Friday, February 13, 2009

Lone Wolf and Cub month: Scary stuff in Volume 13: The Moon in the East, the Sun in the West

Volume 13 of Lone Wolf & Cub, The Moon in the East, the Sun in the West, is something of a return to form, because once more the plot is thickening away. This time events turn on Retsudo Yagyu's continued resort to his sons as would-be slayers of Ogami. In a flashback at the beginning of the volume, Retsudo remembers how Ogami has slain all three of his acknowledged sons already. And so, with nowhere else to turn, Retsudo summons his eldest son—the unacknowledged son Shobei, whose disfigured face and concubine mother have made him seemingly unloved by his harsh father. Retsudo needs Shobei's sword skills to face Ogami, but he won't even let Shobei raise his head in his presence. Nor will he permit Shobei to call himself Yagyu: he is Hojiro, part of a sub-clan known for its swordsmanship.
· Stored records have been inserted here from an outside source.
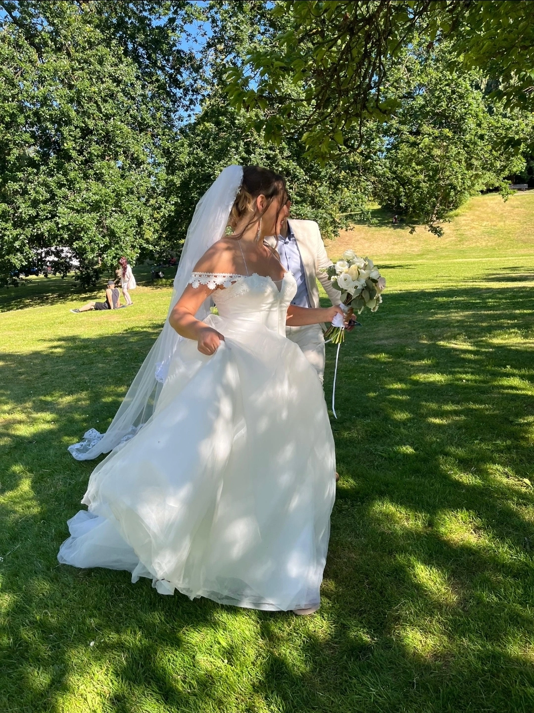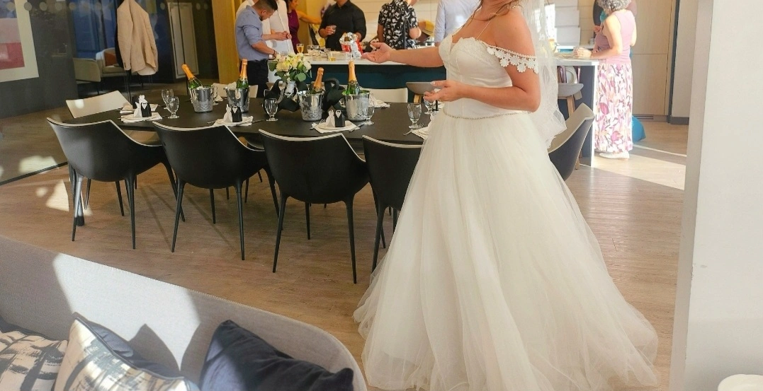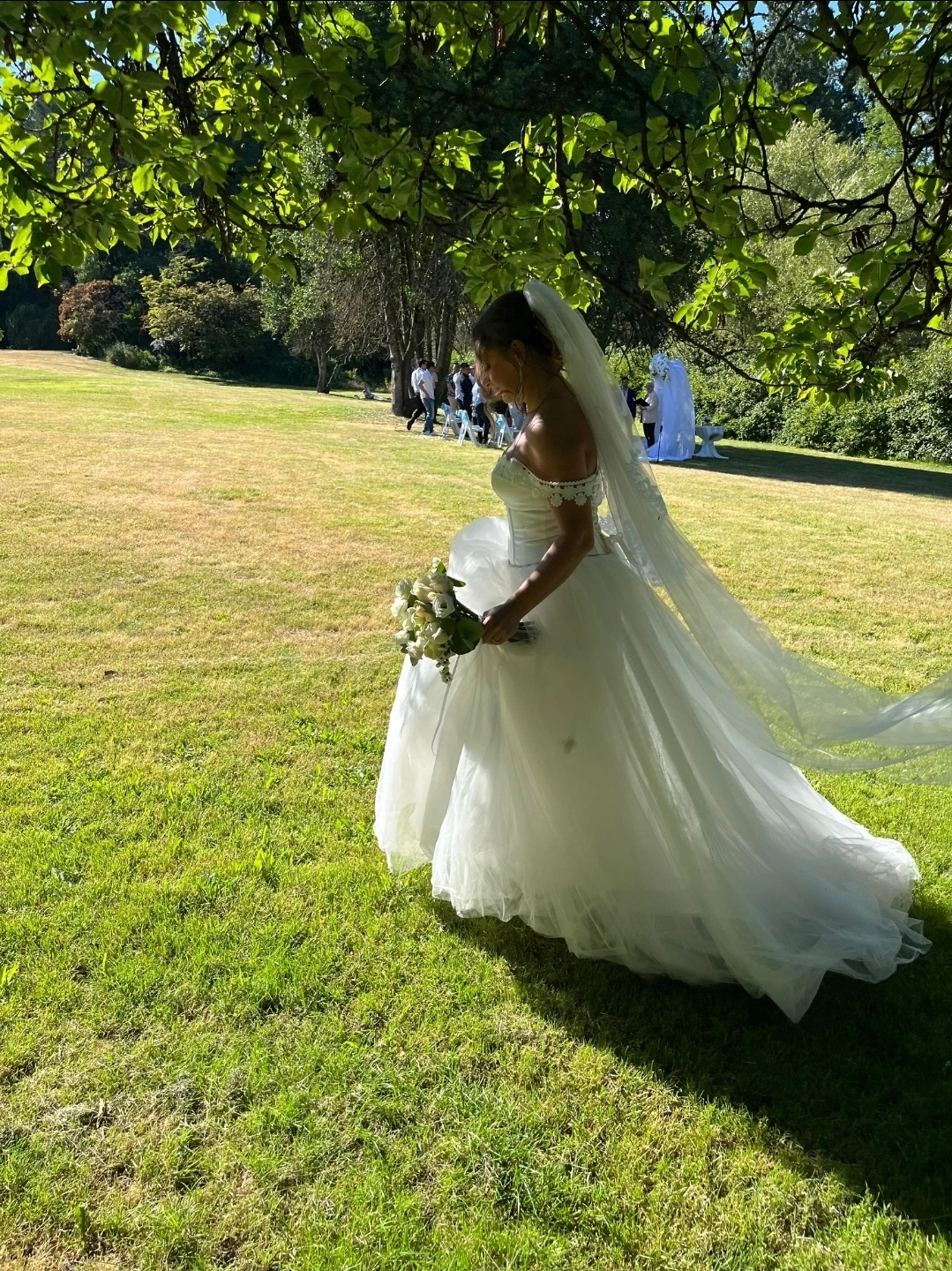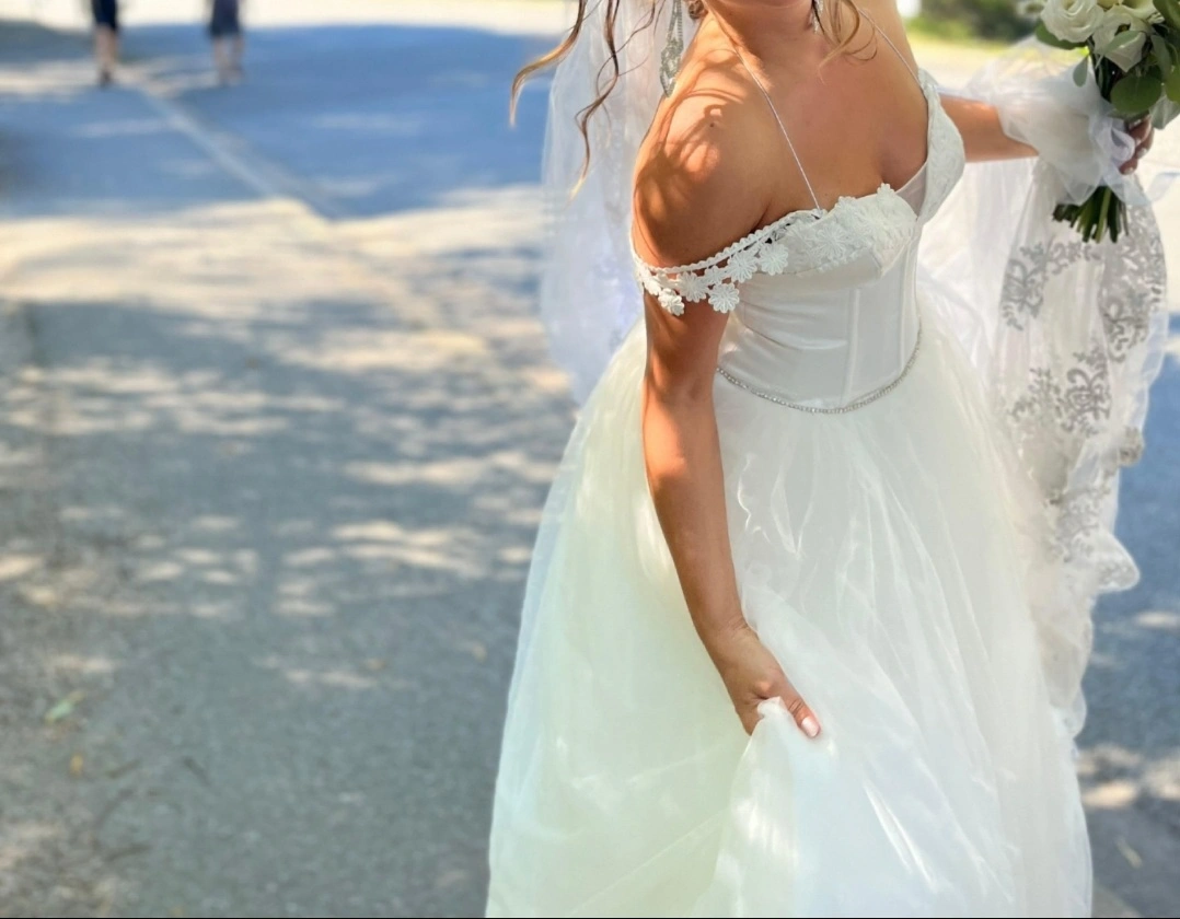 Make your wedding day unforgettable in this stunning off-shoulder gown from Jewel by David’s Bridal, custom redesigned for a flattering curvy fit (size 4–6). Originally purchased in New Westminster, this dress has been thoughtfully enhanced with elegant shoulder detailing, a romantic corset back, and a sparkling custom-made belt ($100 value) that adds just the right touch of glamour. 👗 Dress Features: - Off-shoulder neckline with floral embellishments - Sculpted corset back for a tailored silhouette - Flowing skirt with graceful movement - Sparkling custom belt for added elegance - Worn once 🕊️ Bonus: Includes a custom-ordered veil ($50 value) that perfectly complements the gown’s romantic aesthetic. 💫 Whether you're planning a garden ceremony, a chic city celebration, or a dreamy destination wedding, this ensemble offers timeless beauty with modern enhancements—ready to make another bride feel radiant and unforgettable. 💸 Includes veil + belt 📍 Local pickup in Vancouver or could bring it to you This isn’t just a dress—it’s a moment waiting to happen.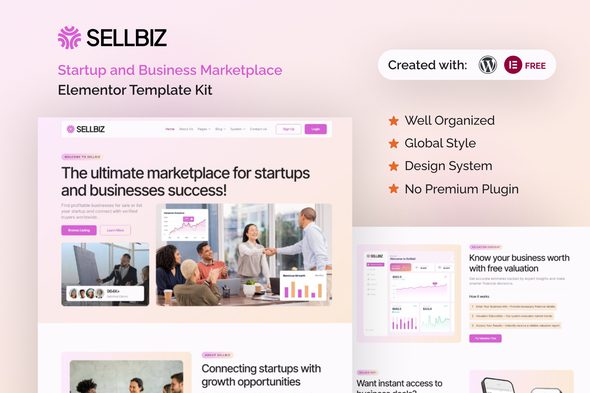 Introducing “Sellbiz” – Your premium solution for creating a sophisticated and professional startup and business marketplace website! Built with WordPress and enhanced by Elementor’s powerful features, this template kit is designed to revolutionize how businesses connect and trade online.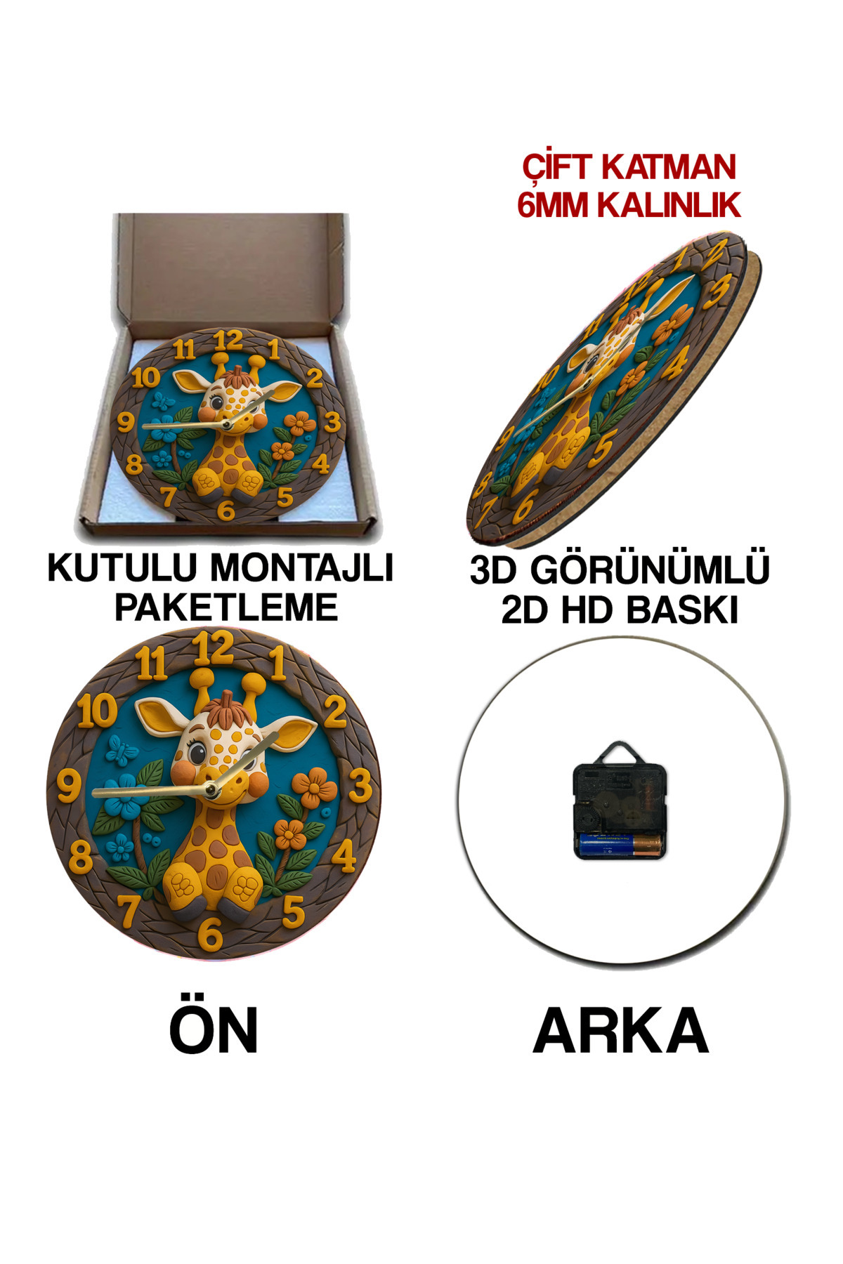 MDF 33 cm Sessiz Mekanizmalı Duvar Saati – 2D HD Baskı, 3D Görünümlü Tasarım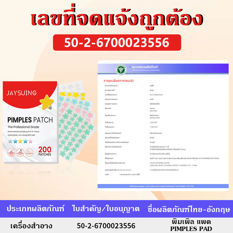 แท้ มีเลขทะเบียน【ซื้อ 1 แถม 1】ดาวสิวแพทช์ แผ่นแปะสิว ⭐รูปดาวน่ารัก สิ่งที่ต้องมีสำหรับคนเป็นสิว Skin Care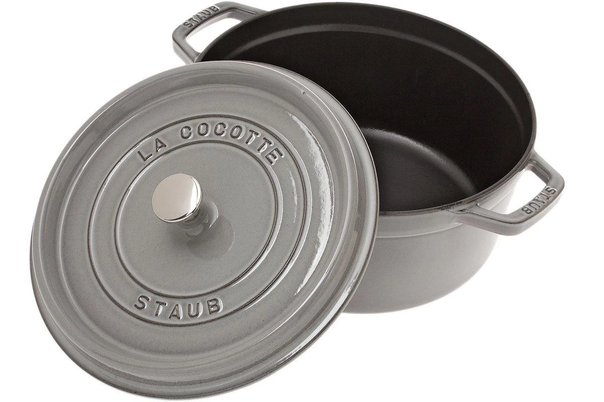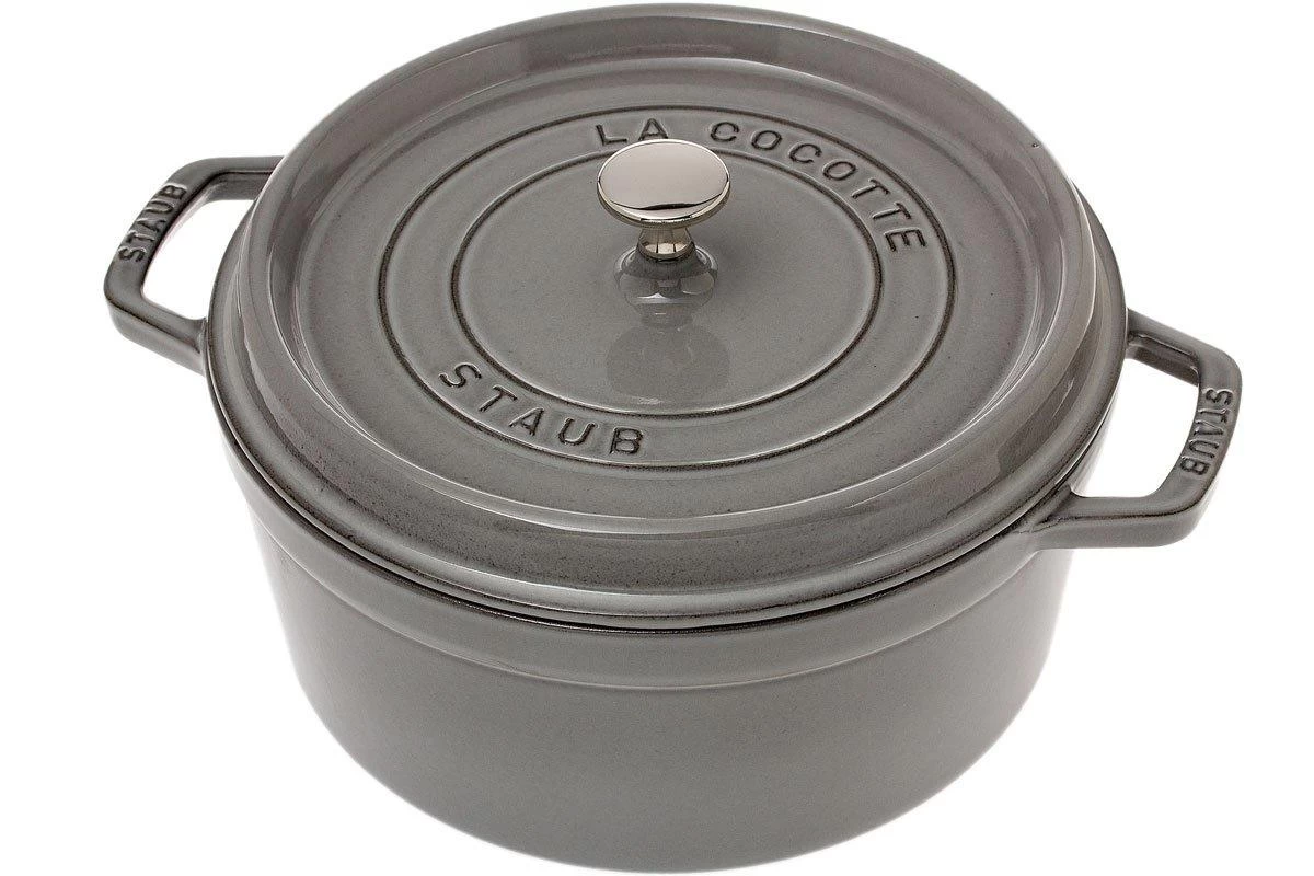Cette cocotte Staub est en fonte massive. La fonte est connue pour son excellente répartition de la chaleur et ce, de manière progressive et uniforme. Une fois la fonte chaude, la température peut être baissée. L’inverse fonctionne également, la poêle reste froide pendant longtemps. Vous pouvez donc vous en servir pour servir de bons plats frais d’été tous droits sortis du réfrigérateur. Ces propriétés font des poêles en fonte les ustensiles idéaux pour saisir et rôtir.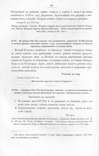 Указы, повеления и письма Императора Петра I разным лицам. Об изготовлении таблицы по разным денежным выдачам и таблицы сколько находится по городам гарнизонных полков. Преображенское, 1 февраля 1710 // Из архива правительствующего сената.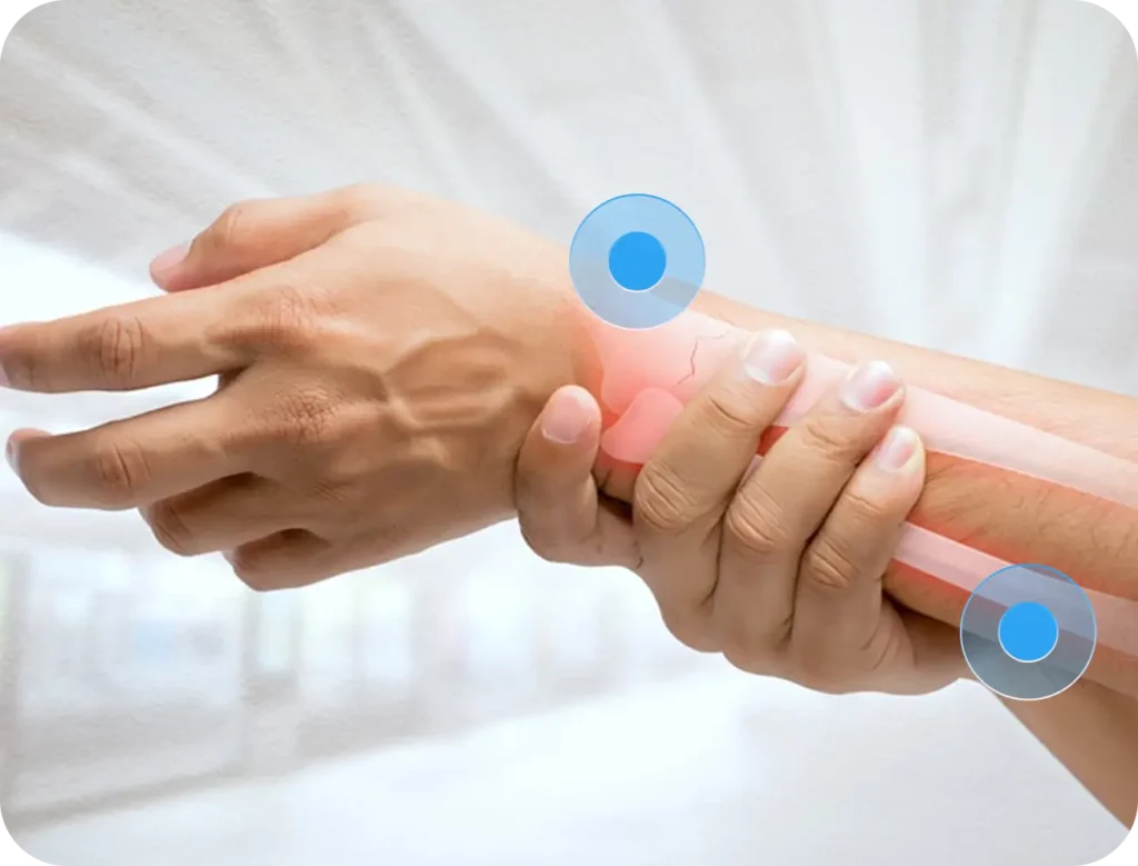 They offload irritated tendons and nerves so healing progresses while you rebuild capacity. We fine-tune desk and tool setup—wrist angles, heights, break frequency—and plan to wean supports as symptoms and strength improve. Practical steps live in Splinting & Ergonomics; related patterns like De Quervain’s often benefit from short-term immobilization.

The swordsmanship is good enough that Shobei isn't slain outright when he finally faces Ogami (in a scene where Ogami utters some of the harshest trash talk he has yet uttered). He survives long enough to stagger home to his fifteen-year-old sister Sayaka, whom Retsudo has held in abeyance pending Shobei's success against Ogami. You see, Retsudo has no legitimate sons left and no wife, apparently, so he'll need to father another son...somehow. With somebody. Do the math, and you'll compute one of the scariest things threatened in this volume.

Almost scarier is Shobei's attempt to outfox his father in his dying moments:

This scene doesn't end as horribly as it might. In fact, it manages to elicit a tiny shred of sympathy for the horrible Retsudo, who himself sheds a single tear. But it's pretty fearsome for a few panels.

And last, before I gotta split, perhaps the most frightening page in the book image-wise:

I believe that's Ogami's first assassination of non-humans (the feathers formerly belonged to a pair of falcons named Golden Princess and Silver Princess). To know more, read volume 13!